Leaving out pictures, output exactly the lines below from the one that has "劲爆价方言和田玉精品特色俄罗斯阳绿色碧玉6mm老型珠手串手链A6" through the one that has "Join us for", and nothing else.
[Opening Input records section]
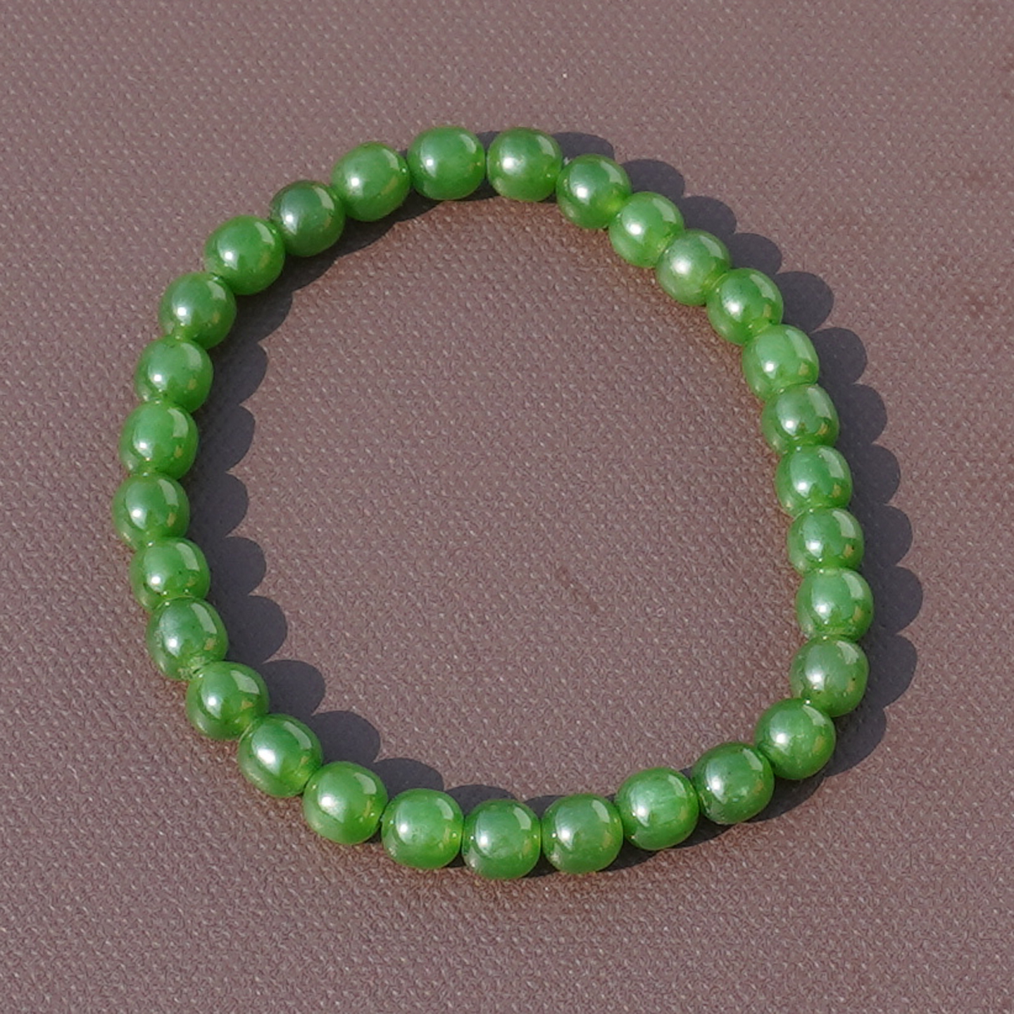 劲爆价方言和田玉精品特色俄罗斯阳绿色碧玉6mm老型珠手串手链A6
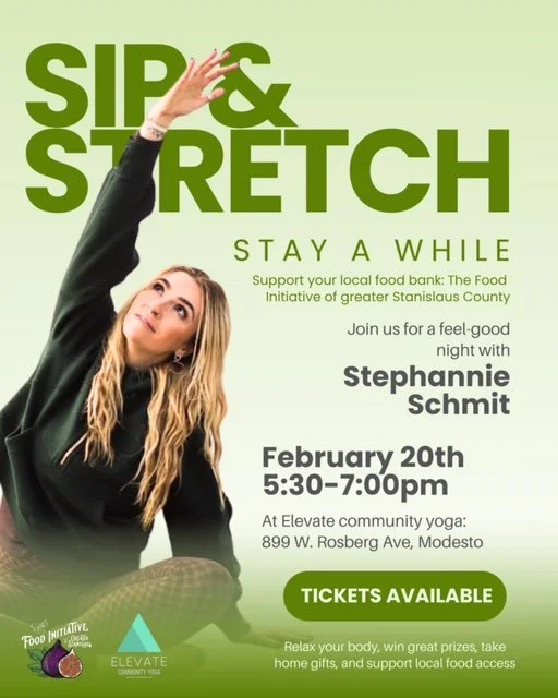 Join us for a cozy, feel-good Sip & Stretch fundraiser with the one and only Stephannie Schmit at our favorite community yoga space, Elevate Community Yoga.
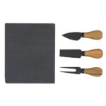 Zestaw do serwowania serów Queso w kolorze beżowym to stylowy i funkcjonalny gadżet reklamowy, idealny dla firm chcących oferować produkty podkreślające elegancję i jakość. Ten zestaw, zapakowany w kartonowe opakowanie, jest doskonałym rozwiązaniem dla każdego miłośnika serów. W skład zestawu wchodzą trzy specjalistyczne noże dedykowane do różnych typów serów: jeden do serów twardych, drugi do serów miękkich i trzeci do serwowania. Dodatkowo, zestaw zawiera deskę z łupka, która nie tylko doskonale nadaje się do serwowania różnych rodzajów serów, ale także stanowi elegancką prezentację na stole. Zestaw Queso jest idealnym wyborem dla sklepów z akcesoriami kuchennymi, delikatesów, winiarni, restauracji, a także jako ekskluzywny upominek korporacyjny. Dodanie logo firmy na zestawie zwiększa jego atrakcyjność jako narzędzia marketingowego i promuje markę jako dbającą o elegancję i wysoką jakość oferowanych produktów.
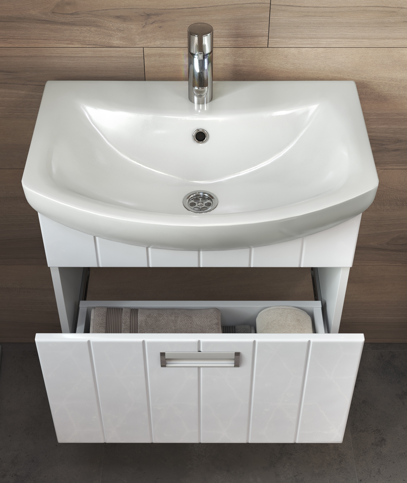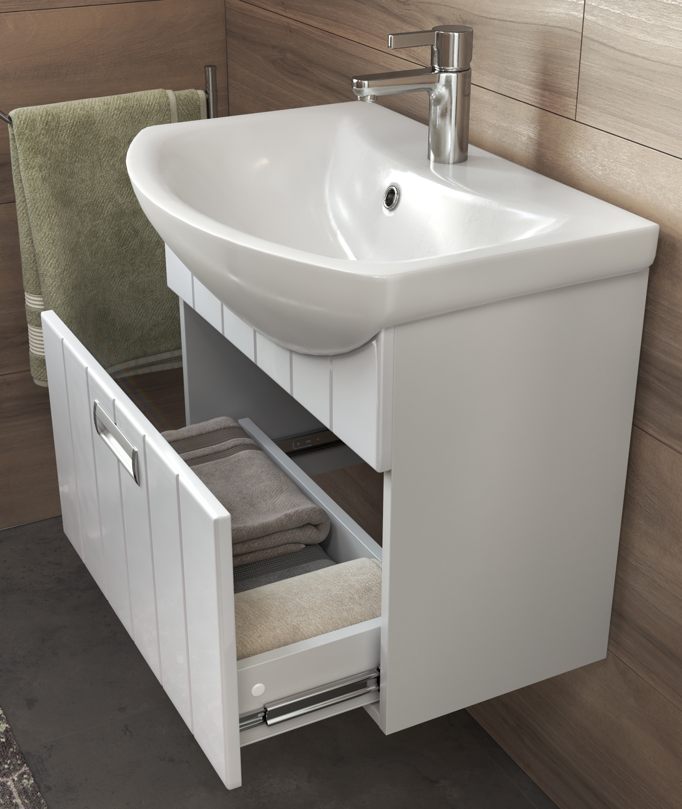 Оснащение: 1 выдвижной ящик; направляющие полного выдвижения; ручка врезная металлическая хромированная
[Closing Input records section]
[Opening Input records section]
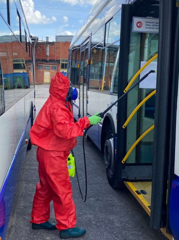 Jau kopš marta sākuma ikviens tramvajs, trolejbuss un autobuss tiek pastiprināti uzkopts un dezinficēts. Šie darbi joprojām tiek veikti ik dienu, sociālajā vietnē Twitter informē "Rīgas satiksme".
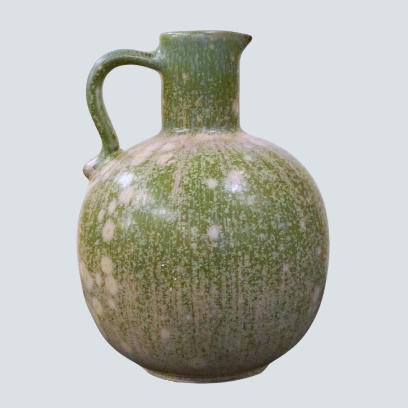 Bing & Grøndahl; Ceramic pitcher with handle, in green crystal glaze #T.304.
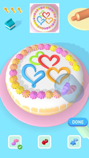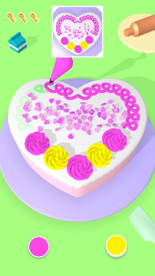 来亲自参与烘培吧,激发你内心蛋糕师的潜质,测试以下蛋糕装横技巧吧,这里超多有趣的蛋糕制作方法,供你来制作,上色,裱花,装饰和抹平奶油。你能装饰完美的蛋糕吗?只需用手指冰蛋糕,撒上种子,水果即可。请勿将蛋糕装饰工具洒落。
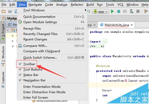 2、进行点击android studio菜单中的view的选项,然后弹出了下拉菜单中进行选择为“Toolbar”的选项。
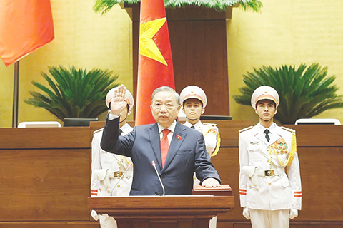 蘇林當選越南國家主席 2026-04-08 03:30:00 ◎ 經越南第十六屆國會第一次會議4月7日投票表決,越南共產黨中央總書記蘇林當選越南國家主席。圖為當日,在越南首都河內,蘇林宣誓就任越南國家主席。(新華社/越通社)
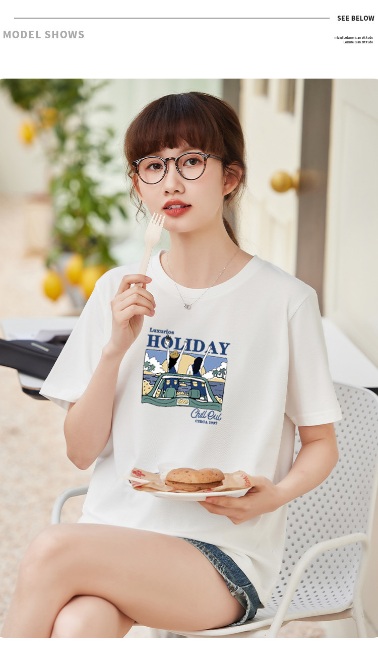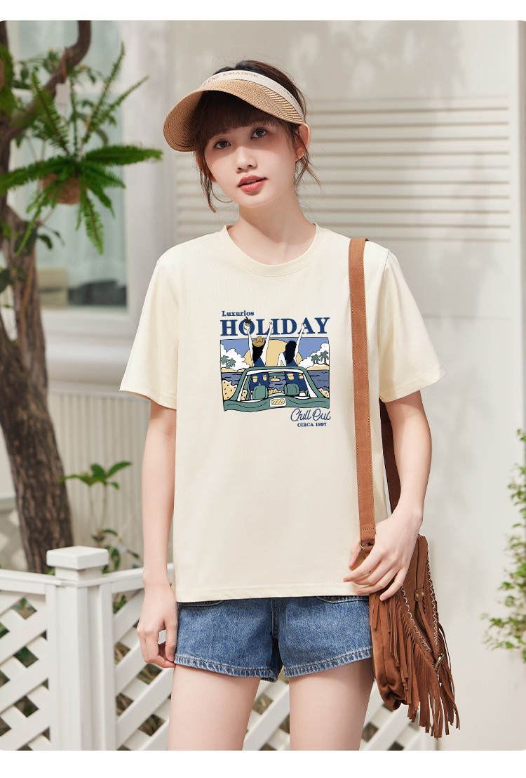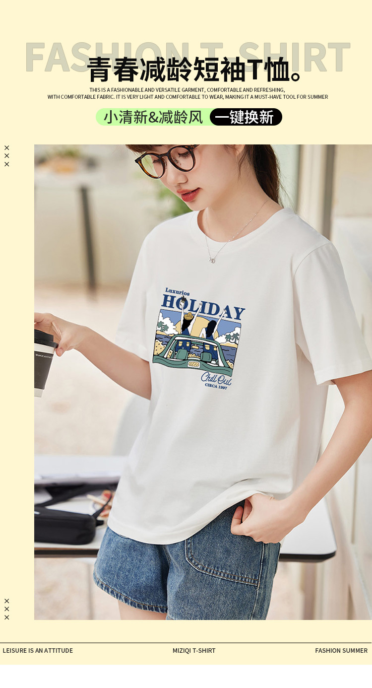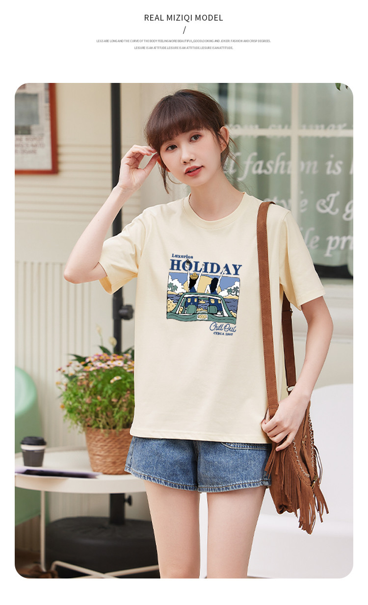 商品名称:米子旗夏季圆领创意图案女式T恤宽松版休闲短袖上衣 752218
[Closing Input records section]
*Task solution*:
 劲爆价方言和田玉精品特色俄罗斯阳绿色碧玉6mm老型珠手串手链A6
 Join us for a cozy, feel-good Sip & Stretch fundraiser with the one and only Stephannie Schmit at our favorite community yoga space, Elevate Community Yoga.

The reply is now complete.